Aşağıdaki tablo, belki de kazanan tahmincilerin tahminlerine dikkat etmeniz gerektiğini gösteren iki şey içeriyor. İlk olarak, kazandıklarının dışındaki anketlerde (koyu harfle gösterilmiş) çok da doğru tahminler yapamamışlar. İkinci olarak, kazanamadıkları anketlerin yarısında, yaptıkları tahminler konsensüs tahminlerinden de kötü olmuş.

Aralık 1995 sonuçlarının değerlendirildiği Journal’in yazısında da dediği gibi,

… Ortalama değerin konforunu bıraktıklarında, ekonomik tahmin oyununun uçlarında salınanlar ya en çok kazanan ya da en çok kaybeden tarafta oluyorlar. Altı ay öncenin kazananları North Carolina Üniversitesinden James Smith ve Economic Analysis Associates’ten Susan Sterne bu sefer faiz oranlarının yönünü bile doğru tahmin edemedi. Aynısı geçen sene onlardan önceki kazanan Bear, Sterns Securities Corp.’tan Wayne Angell’e de oldu.

Yukarıdaki veriden çok ilginç bir kalıp çıkıyor. Üç anketin tamamında da Bayan Sterne’nin yorumu üç uzmanın arasındaki en düşüğü ve Bay Cosrove’nin de en yükseği. Haklı olmanın bir yolu da her zaman boğa ya da her zaman ayı olmak -eğer yeterince uzun bir süre fikriniz sabit olursa, eninde sonunda haklı çıkarsınız. Ve her zaman uç değerler verirseniz, eninde sonunda kimsenin öngöremediği bir uç değeri tahmin ederek alkışlanırsınız. Fakat bu tahminlerinizin sürekli olarak bir değer ihtiva ettiğini göstermez.

Bu veriye uyan bir çok deyim var. “Kör bir sincap bile ara sıra palamut bulabilir” ya da “duran bir saat bile günde iki defa doğruyu gösterir” sözlerine rast geldim. Sadece birkaç tanesi doğru tahminde bulunan 64 tane tahmincinin olduğu bir anketin kimseye faydası olmaz; doğru tahmin edenlerin kim olduğunu da bilmeniz gerekir. Altı ayda bir doğru tahminler de değişik tahminciler tarafından yapıldığı için müşterek tahmine inanmanın da çok değeri yoktur.

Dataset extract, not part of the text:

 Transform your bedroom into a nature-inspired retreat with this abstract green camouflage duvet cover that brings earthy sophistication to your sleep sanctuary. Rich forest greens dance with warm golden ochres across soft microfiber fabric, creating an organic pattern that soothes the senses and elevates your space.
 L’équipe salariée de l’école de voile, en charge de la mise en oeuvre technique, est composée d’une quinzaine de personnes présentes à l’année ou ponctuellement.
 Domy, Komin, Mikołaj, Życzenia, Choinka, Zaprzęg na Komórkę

Bu arada, burada önemli bir karşılaştırmayı da yapmak gerekiyor: Etkin piyasa savunucuları piyasayı yenmenin imkansız olduğunu söylemiyor; her sene birçok insan bunu yapıyor. (Hatırlayın, bir örnekte gözlemlenen değerlerin yarısı ortalamanın üstünde). Riske göre düzeltilmiş olarak kimsenin bunu istikrarlı şekilde yapamayacağını söylüyorlar.

Beşinci olarak, makro-tahminler avantaj kazanmak için kullanılabilir mi? 1993’teki makalemde çoğu zaman isabetli olmayan tahminlerle ya da konsensusun görüşünü yansıtan isabetli tahminlerle üstün sonuçlar elde edemeyeceğinizi belirtmiştim. (Bunun sebebi konsesusun gelecek ile ilgili görüşlerinin varlığı aldığınız zaman zaten fiyatların içine yedirildiğinden kaynaklanıyor.) Ortalamanın üstünde kazançlar elde etmek için, tahminci genellikle konsensusun görüşünden farklı ve isabetli tahminler yapmalı.  

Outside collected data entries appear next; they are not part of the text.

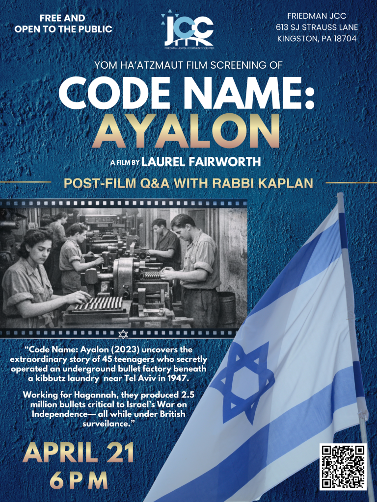 Join us for a powerful evening as we screen Code Name: Ayalon, an extraordinary documentary that tells the true story of 45 teenagers who lived and worked in complete secrecy, operating an underground bullet factory hidden beneath a kibbutz laundry in the years leading up to Israel’s War of Independence. By day, life above ground appeared ordinary. Below the surface, these young men and women labored tirelessly in dangerous, suffocating conditions to manufacture the ammunition desperately needed by freedom fighters on the front lines.
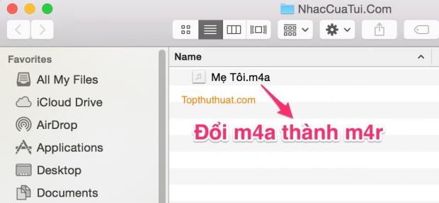 Khi đó, một cửa sổ mới hiện ra, bạn tiến hành đổi định dạng m4a sang m4r.
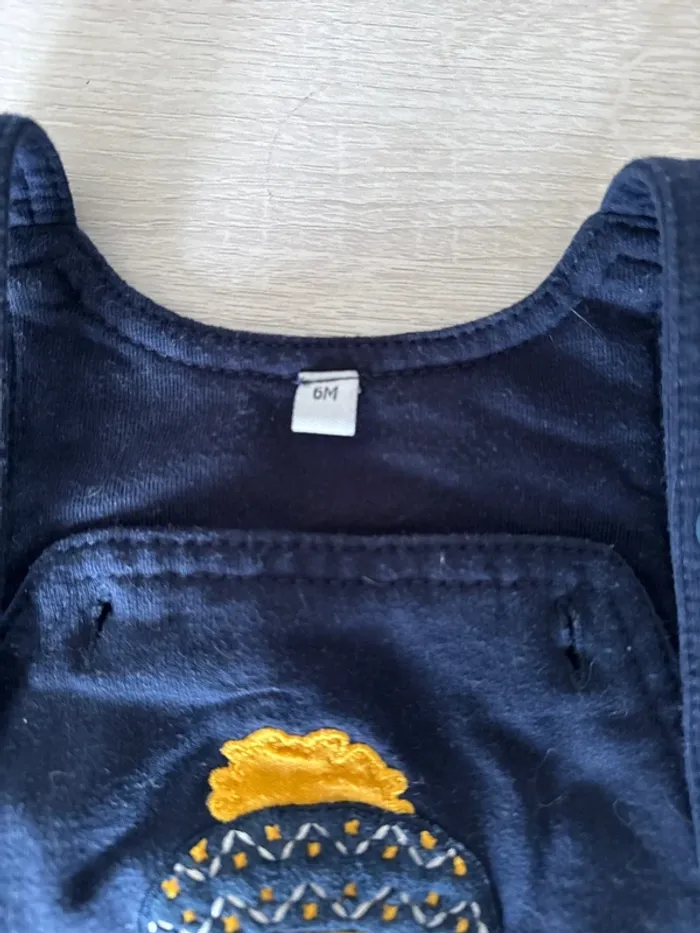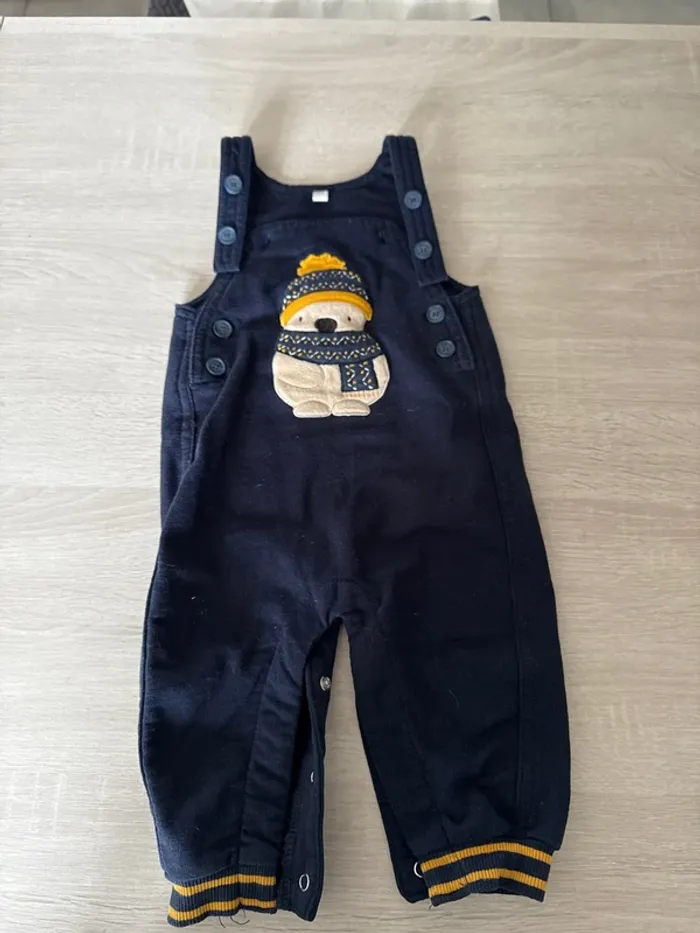 Salopette bleu marine avec ours devant, en très bon état, taille 6 mois #bebegarçon6moisclaiiire34
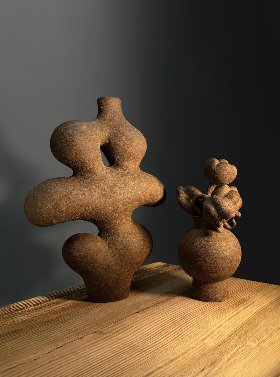 Chih Han Chang, a Taiwanese ceramic artist and product designer. With a background in industrial design, he is drawn to simplifying complex forms into quiet, essential shapes. In ceramics, this instinct becomes tactile—he builds slowly, letting form emerge through rhythm and intuition rather than precision or replication.His work is deeply influenced by East Asian aesthetics, especially bonsai pine trees and floral compositions. Like a branch twisted over time or a flower blooming for no occasion, each piece is hand-built, layer by layer, never identical. The forms grow from clay as if from soil—organic, asymmetrical, and unapologetically themselves.張智涵,來自台灣的陶藝創作者,具有產品設計背景,擅長將複雜的造型簡化成安靜、精煉的形態。在陶藝中,將這樣的設計直覺轉化變得更具觸感—以緩慢的手捏節奏一步步構築作品,讓形體自然生長。創作深受東方美學啟發,特別是盆景松的姿態與花藝的靜謐。就像被時間扭轉的枝幹,或是沒有理由而綻放的花,每件作品都是一層層手工堆疊而成,無法複製,像是從泥土中長出來的形體——有機、不對稱,並堅持做自己。
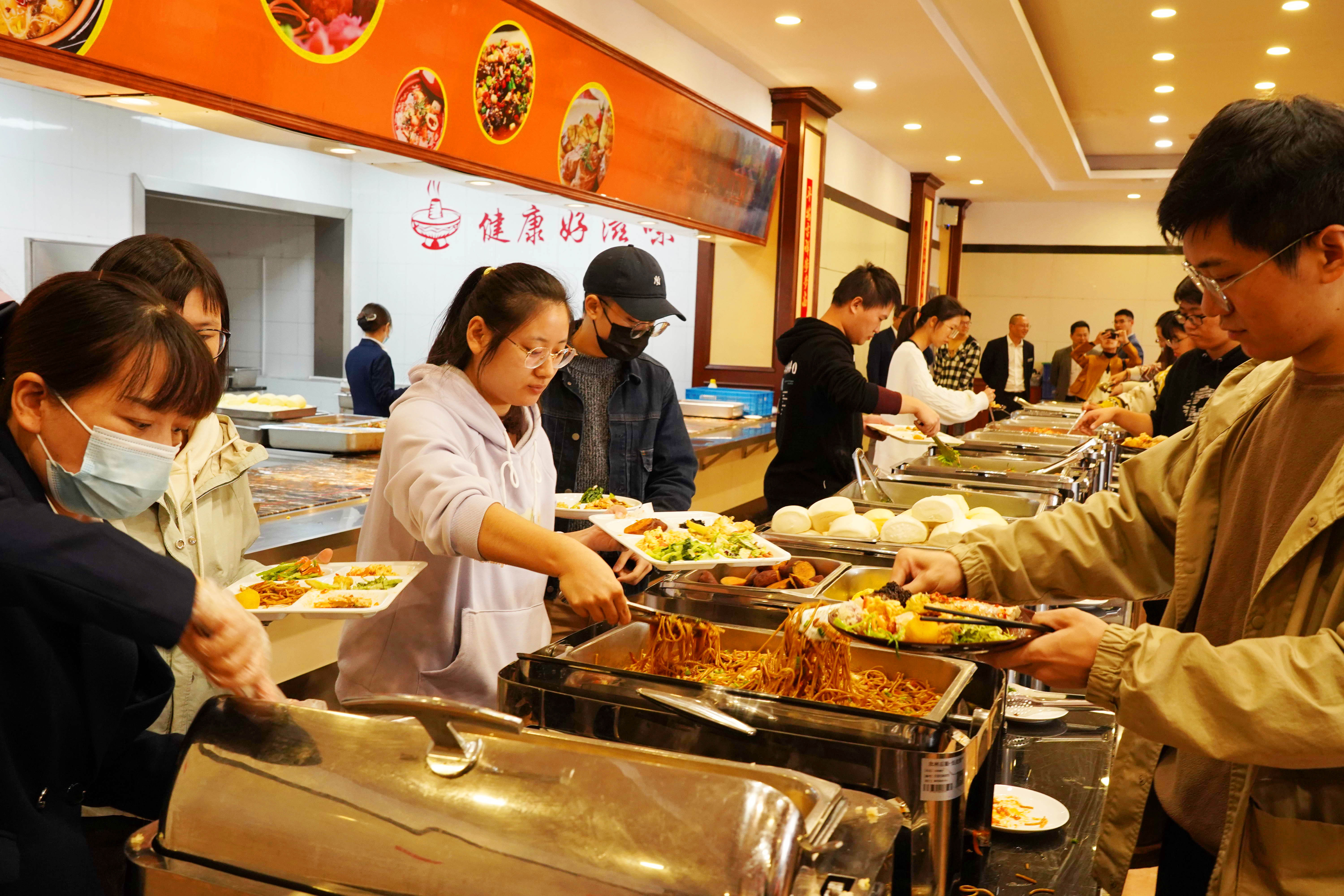 有荤有素有汤,有鱼有肉有虾,有米饭也有稀粥,还有多种水果饮料随意选——在高校吃一顿这样的自助餐,每人需要多少钱?浙江农林大学西径食堂三楼给学生开出的价格是:单人19.9元,两人以上每位14.9元。唯一的要求,就是必须光盘!
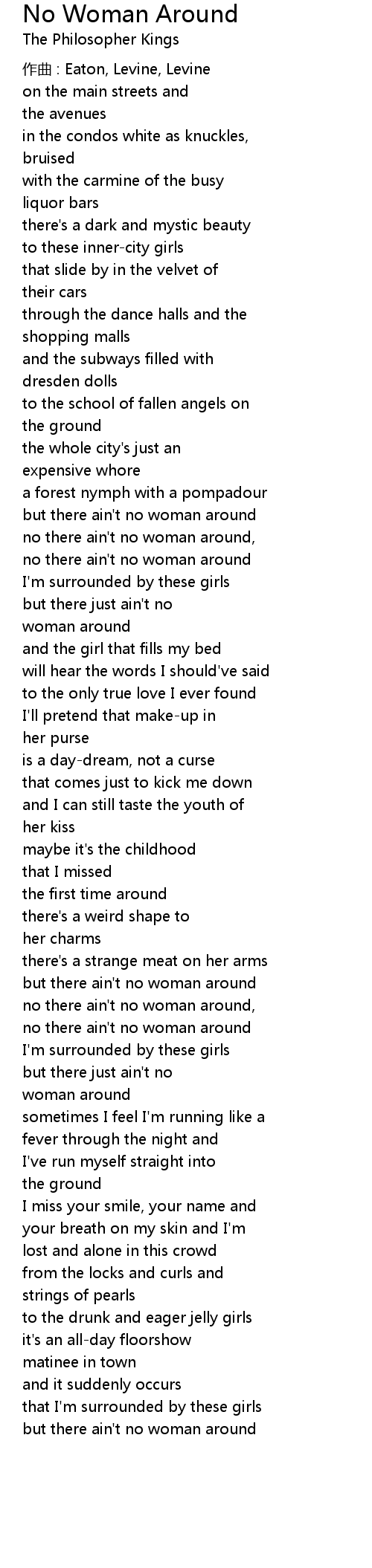 | but there ain' t no woman around | |
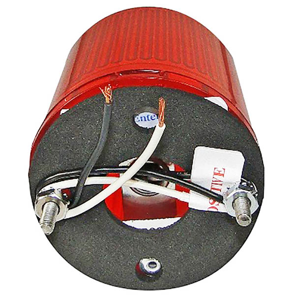 LED based self-contained, High Impact, red, Polycarbonate Optical Lens. Lighter, Brighter, Cooler Longer Life (up-to 50,000 hrs.) and draws less than 1 amp. (.13 amps) @ 12vdc. Weighing in at 3.5oz. it stands 3" high and 2.5" in diameter. |
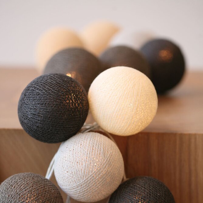Använd ljusslingorna som dekoration, mysbelysning, till festligheter mm. Fin att dekorera på dukat bord, i barnrum, sovrum mm. Bollarna är virade av färgat garn och är ca 6-7 cm i diameter. Finns en mängd olika kombinationer & storlekar där man kan välja vanlig stickkontakt eller USB-kontakt. Man sätter själv ihop ljusslingan med bollarna i den ordning som man önskar ha dem.

Fakat 1993’te de belirttiğim gibi, konsensüs dışı gelecek tahminlerine 1)inanması, 2) harekete geçmesi, 3) önceki tahminler yanlışsa sonrakilerine tutunması ve 4) haklı olmak çok zordur. Marjinal tahminlere dayalı işlem yapanlar sık sık utanılacak ve pahalıya mal olacak şekilde yanılırlar.

Oaktree’de, kimsenin diğerinden çok da fazla bir şey bilmediği ekonominin gelecekteki yönünü, faiz oranları, piyasayı tahmin etmeye çalışarak zaman harcamayız. Bunun yerine zamanımızı, diğerlerinin sıkıcı, uygunsuz bulduğu, son derece karmaşık, yeteneklerinin dışında ya da çabaya ve riske değmeyeceğini düşündüğü piyasa nişlerinde uzmanlaşan araştırmalar yapmaya adarız. Bunlar, zaman harcayarak ve çaba göstererek “bilgi avantajına” sahip olabileceğiniz etkin olmayan piyasalardır. Bunlar ayrıca şirketlere, varlıklara ve kıymetlere ait mikro etkenlerin en önemli olduğu piyasalar. Bu piyasalarda ayrıca kelepir bulmanın mümkün olduğu yerler ve alınan riske göre ortalama üstü istikrarlı bir şekilde getiri elde etmek için sadece kelepir alımlara güvenilebilir. Biz buna “Bilinebilir olanı bilmeye çalışıyoruz” – makro-gelecek de buna dahil değil.